The implementation consists of two parts: an registration command, linked in as ::tcl::seterrorhandler and various places where the error handler is called if appropriate. For this to work, there are some minor changes necessary to the Tcl execution engine and to the Interp structure.

  1. tclInt.h - Interp introduce three new members to the Interp structure: (Tcl_Obj *errorHandler) holds the handler code to execute, (int errorHandlerFlags) holds flags for execution conditions and (int catchLevel) determines the current level of catch blocks surrounding the executed code.

  2. tclInt.h - introduce four new macro definitions for the errorHandlerFlags member specified above: ERRHANDLER_ONCAUGHT is set when the handler should be executed on caught errors, ERRHANDLER_ONUNCAUGHT is set when the handler should be executed on uncaught errors, ERRHANDLER_FINISHED indicates whether the handler has been run already for the currently encountered error, ERRHANDLER_RUNNING indicates whether the error handler is currently running (so that it is not triggered from errors inside the handler itself).

  3. tclEvent.c/tclInt.h - declare and define a new object command TclSetErrorHandlerObjCmd(data, interp, objc, objv), through which an error handler can be registered.

  4. tclBasic.c - Tcl_CreateInterp() should initialize the new members of the Interp structure and register the ::tcl::seterrorhandler command.

  5. tclBasic.c - TclEvalObjvInternal() This function is called from others to evaluate Tcl expressions and returns a code that can be TCL_ERROR. Invoke the error handler here, if necessary.

  6. tclCmdAH.c - Tcl_CatchObjCmd() increment the catchLevel member in the interp structure before executing the enclosed code and decrement it afterwards. The catchLevel member indicates whether errors are catched.

  7. tclExecute.c - enhance the two macros DECACHE_STACK_INFO() and CACHE_STACK_INFO() to increment/decrement the catchLevel member if the following code is catched (I think this is the case when (catchTop != initCatchTop) in the TclExecuteByteCode() function?). This makes sure that the catch information is available when code is executed by TclEvalObjvInternal().

  8. tclExecute.c - TclExecuteByteCode (line 1796 ff) after a call to TclEvalObjvInternal, unset the ERRHANDLER_FINISHED flag, if the execution is at the top of the execution stack. This way, the mechanism works for following errors.

The reference implementation fullfills this specification. It works while other Tcl functionality is not affected (proven by repeated run of the test suite).

Reference Implementation

The reference implementation will shortly be available as a patch against Tcl 8.5a5.

Usage Example

Here is a sample procedure that can be used to stop execution on error and introspect the program on stdin/stdout.

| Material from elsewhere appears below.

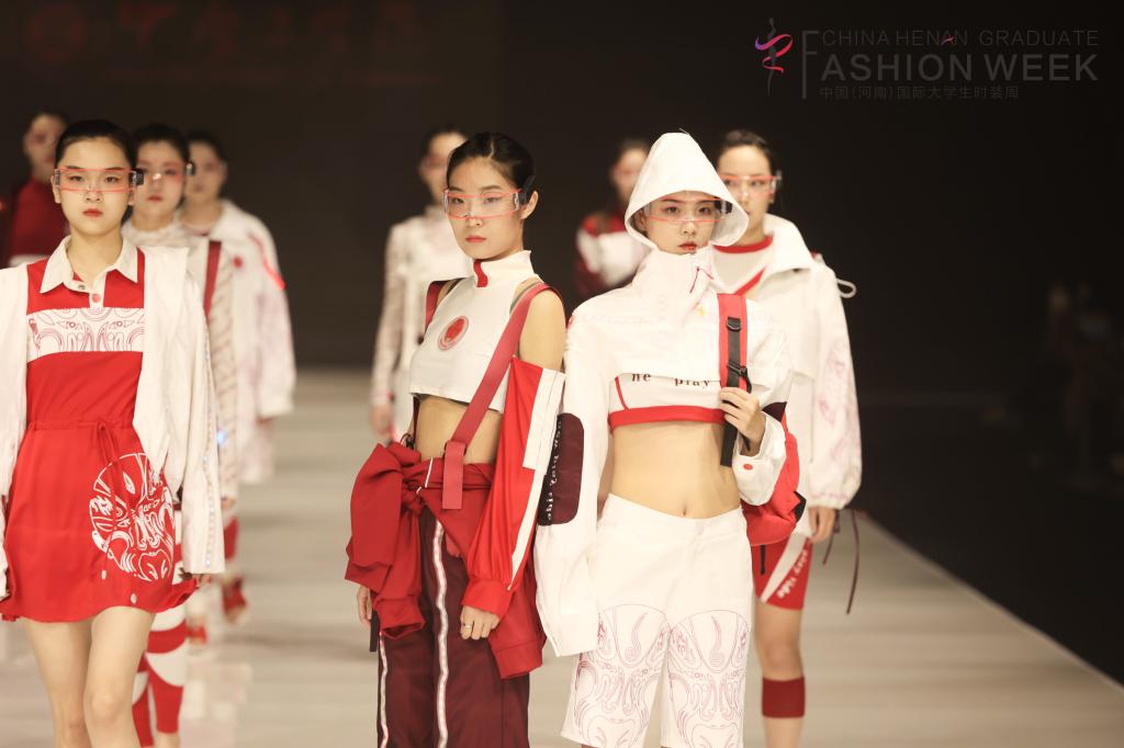 发布的服装设计作品有运动装、舞台装、职业装和裤装四个模块,涵盖休闲运动装、户外功能性运动装、礼服、汉服、创意装等多样的类型。反光材料、LED灯、智能穿戴的设计与应用,通过材质的创新展现新形式的“智能运动服饰”;黄河流古仰韶文化中的彩陶纹样、河南民间艺术通过设计师的再造与创新,展示出非物质文化遗产的时代新风貌,表达对传统文化的尊重与热爱。从质感和色彩上重新整合材料资源,针对不同职业特征和裤装品类进行个性化定制设计。通过服饰工艺与技术进行实践创作,展现服装学子倾心创意、探索求新的设计态度。

It was implemented by ... as and is available on ...:

package provide debug 1.0

proc up {} {
    uplevel 2 {
        breakpoint
    }
}

proc down {} {
    return -code continue
}

proc breakpoint {args} {
    set cmd ""
    set level [expr {[info level]-1}]
    catch {console show}
    set prompt "Debug ($level) % "
    while {1} {
        puts -nonewline $prompt
        flush stdout
        gets stdin line
        append cmd $line\n
        if {[info complete $cmd]} {
            set code [catch {uplevel #$level $cmd} result]
            if {$code == 0 && [string length $result]} {
                puts stdout $result
            } elseif {$code == 3} {
                break
            } elseif {$code == 4} {
                # continue
                return
            } else {
                puts stderr $result
            }
            set prompt "Debug ($level) % "
            set cmd ""
        } else {
            set prompt "    "
        }
    }
}

To use it for uncaught errors, the breakpoint procedure can be registerred as error handler:

package re debug
::tcl::seterrorhandler -uncaught breakpoint

When an error raises, breakpoint is called in the current callframe and Tcl introspection commands like info vars etc. can be used to get information about the program state.

Copyright

This document has been placed in the public domain.